Recorded data:
=-=-=-=-=
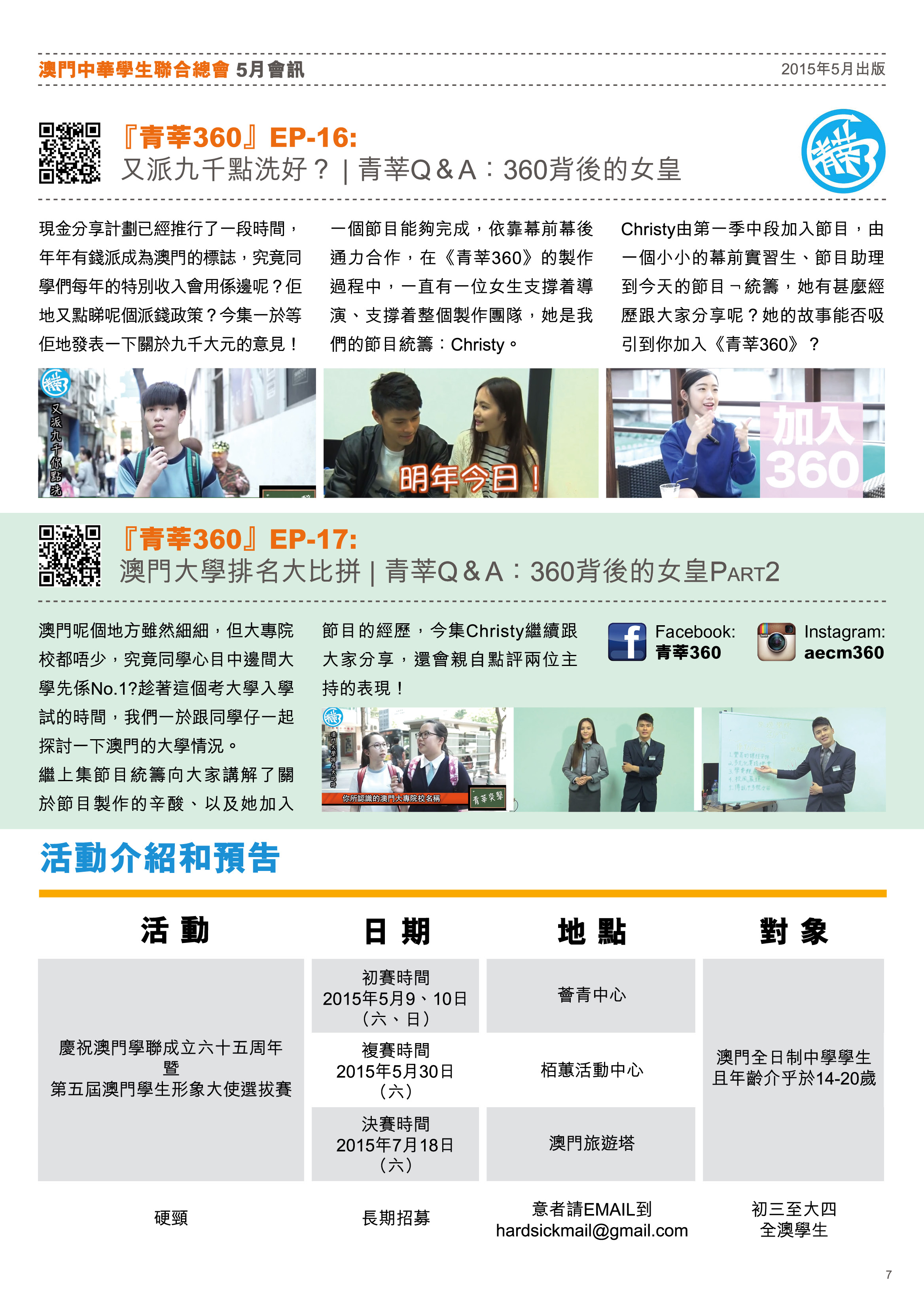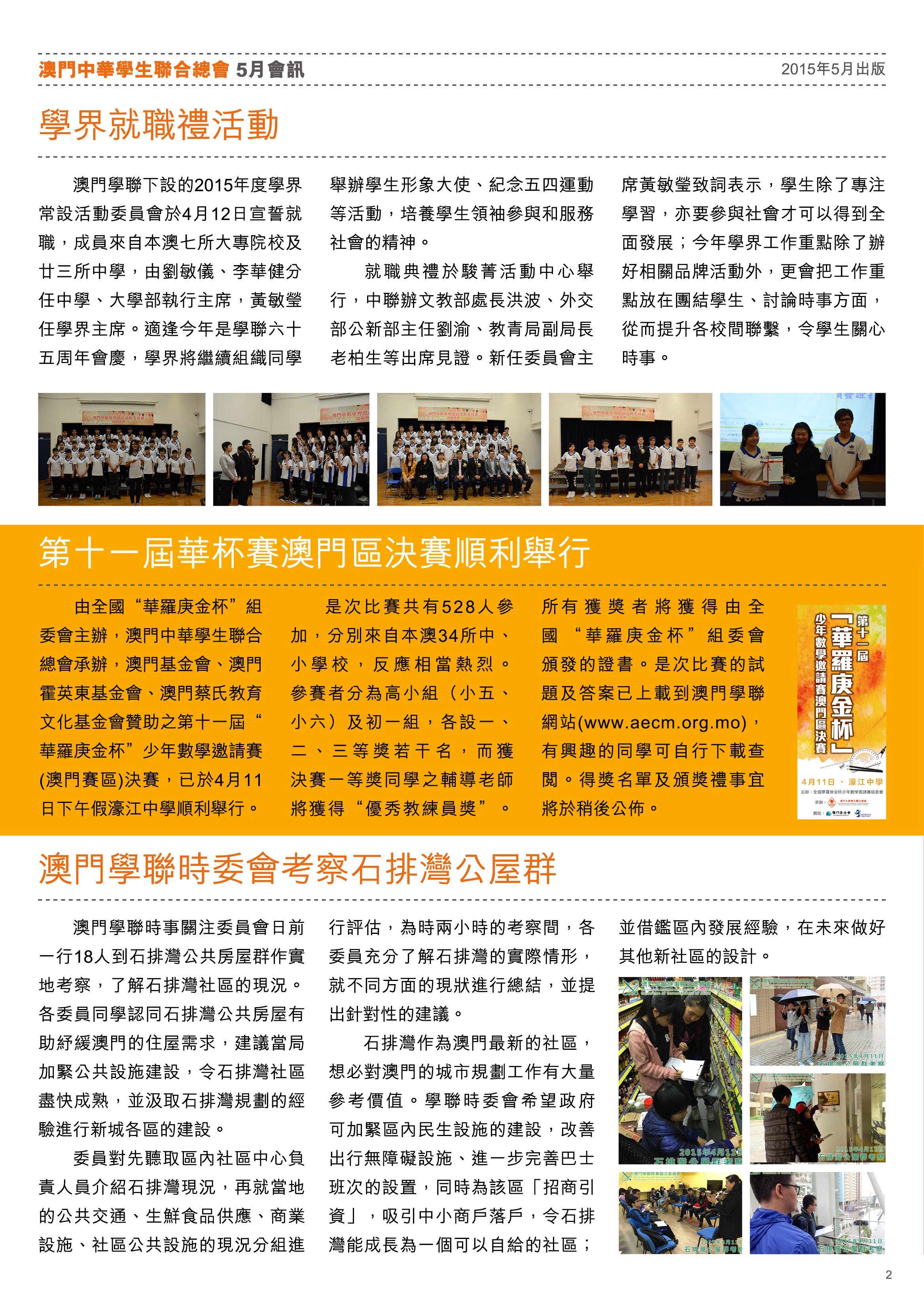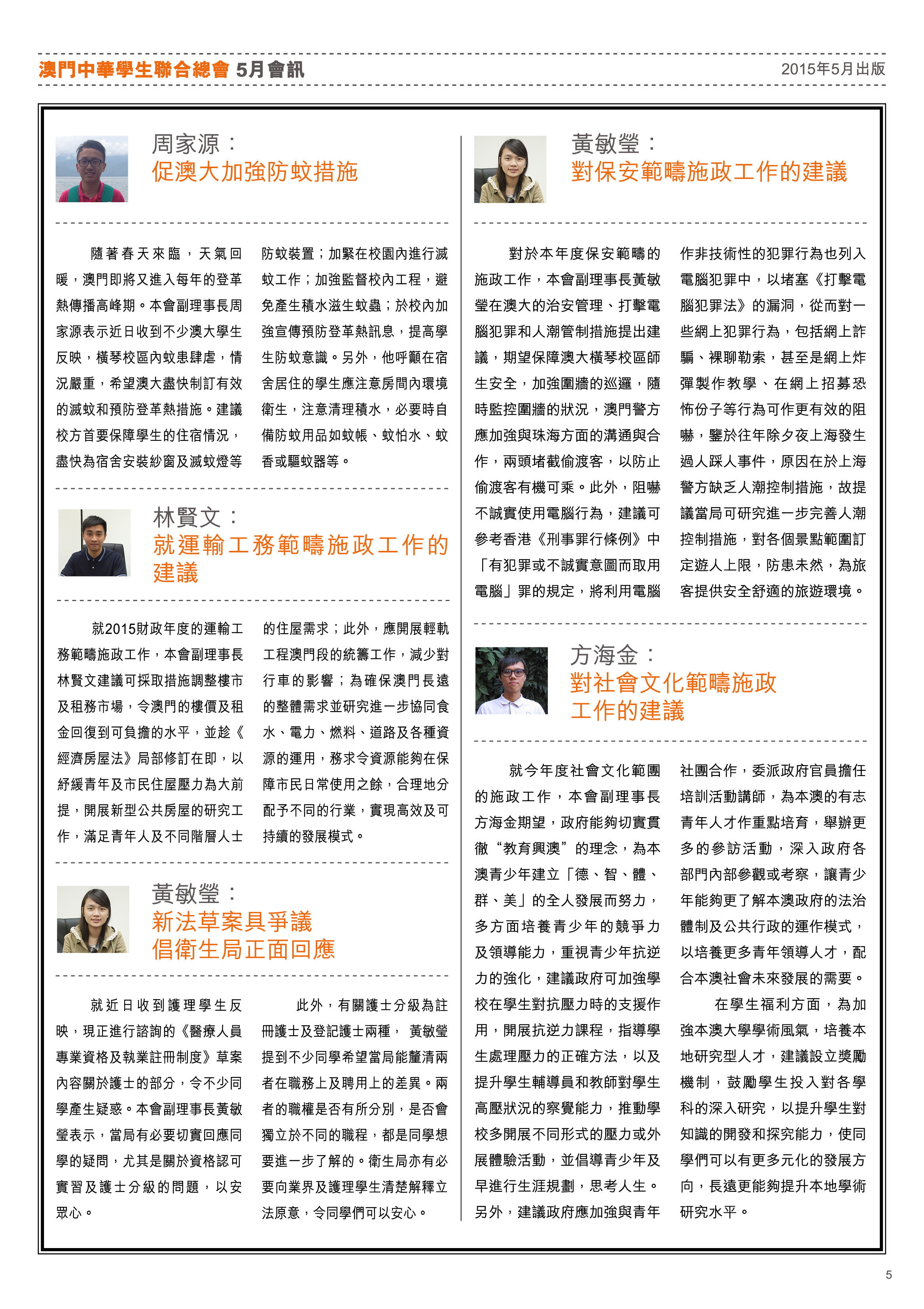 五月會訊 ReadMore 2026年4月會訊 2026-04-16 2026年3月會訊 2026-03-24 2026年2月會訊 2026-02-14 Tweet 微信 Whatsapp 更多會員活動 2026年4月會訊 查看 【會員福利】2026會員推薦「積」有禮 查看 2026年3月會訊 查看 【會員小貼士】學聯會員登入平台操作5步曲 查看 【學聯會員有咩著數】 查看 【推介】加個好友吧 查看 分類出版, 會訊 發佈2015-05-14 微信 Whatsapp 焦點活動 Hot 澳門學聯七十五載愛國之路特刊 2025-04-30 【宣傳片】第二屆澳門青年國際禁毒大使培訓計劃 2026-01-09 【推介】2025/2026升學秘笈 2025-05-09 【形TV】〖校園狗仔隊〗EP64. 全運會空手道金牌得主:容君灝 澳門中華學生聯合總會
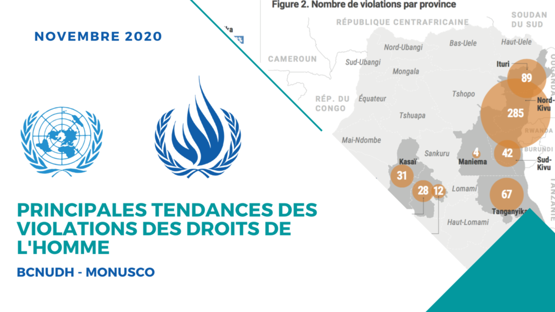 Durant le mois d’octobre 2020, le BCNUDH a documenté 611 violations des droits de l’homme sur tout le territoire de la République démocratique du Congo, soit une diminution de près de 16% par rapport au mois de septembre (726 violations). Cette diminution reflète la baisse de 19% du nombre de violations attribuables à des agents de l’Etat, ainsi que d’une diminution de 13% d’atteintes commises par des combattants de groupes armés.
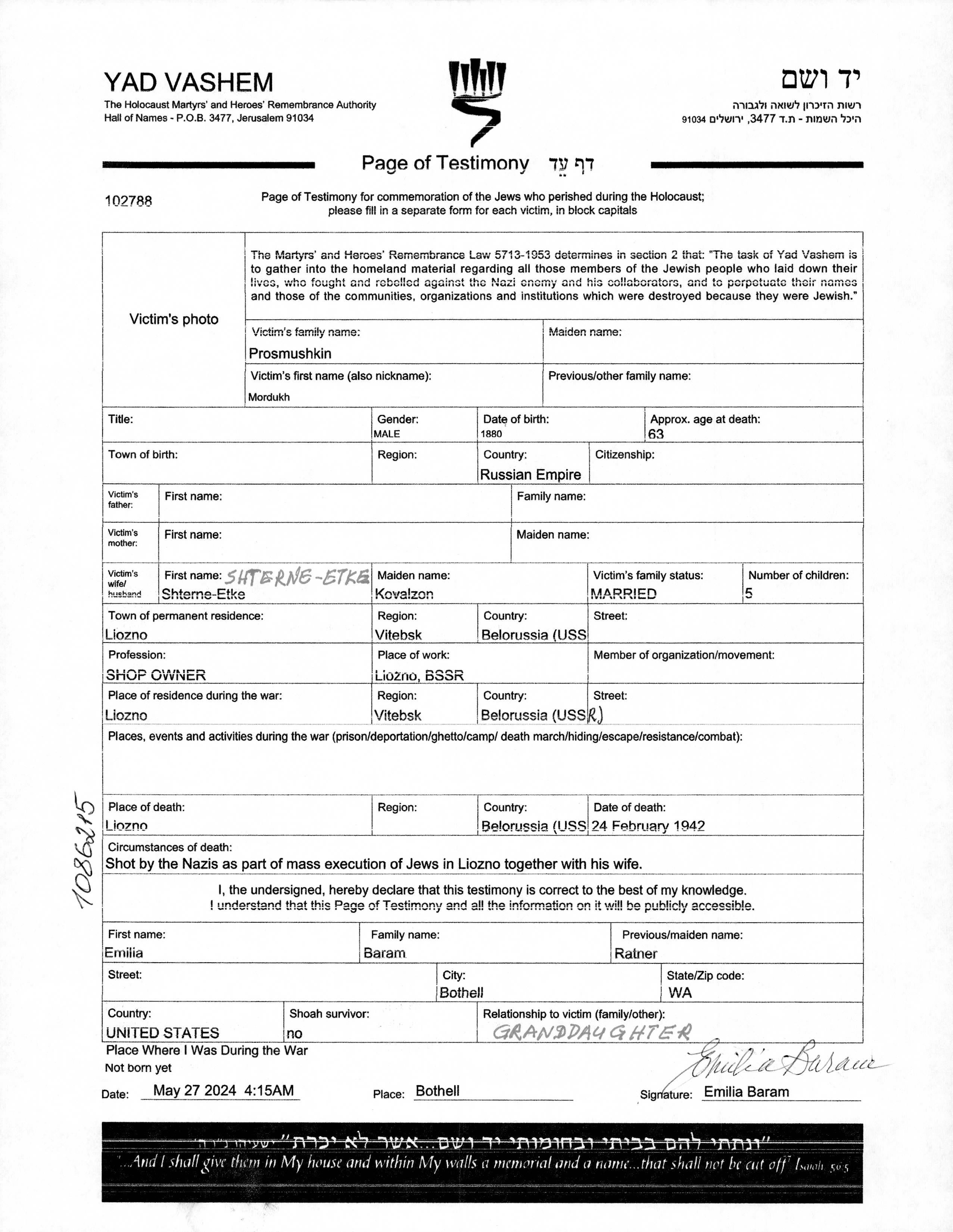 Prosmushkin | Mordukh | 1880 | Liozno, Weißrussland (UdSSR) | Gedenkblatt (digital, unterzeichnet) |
=-=-=-=-=
Assigned task: Please make an exact copy of the whole listing and leave out its pictures.

Expected output:
 五月會訊 ReadMore 2026年4月會訊 2026-04-16 2026年3月會訊 2026-03-24 2026年2月會訊 2026-02-14 Tweet 微信 Whatsapp 更多會員活動 2026年4月會訊 查看 【會員福利】2026會員推薦「積」有禮 查看 2026年3月會訊 查看 【會員小貼士】學聯會員登入平台操作5步曲 查看 【學聯會員有咩著數】 查看 【推介】加個好友吧 查看 分類出版, 會訊 發佈2015-05-14 微信 Whatsapp 焦點活動 Hot 澳門學聯七十五載愛國之路特刊 2025-04-30 【宣傳片】第二屆澳門青年國際禁毒大使培訓計劃 2026-01-09 【推介】2025/2026升學秘笈 2025-05-09 【形TV】〖校園狗仔隊〗EP64. 全運會空手道金牌得主:容君灝 澳門中華學生聯合總會
 Durant le mois d’octobre 2020, le BCNUDH a documenté 611 violations des droits de l’homme sur tout le territoire de la République démocratique du Congo, soit une diminution de près de 16% par rapport au mois de septembre (726 violations). Cette diminution reflète la baisse de 19% du nombre de violations attribuables à des agents de l’Etat, ainsi que d’une diminution de 13% d’atteintes commises par des combattants de groupes armés.
 Prosmushkin | Mordukh | 1880 | Liozno, Weißrussland (UdSSR) | Gedenkblatt (digital, unterzeichnet) |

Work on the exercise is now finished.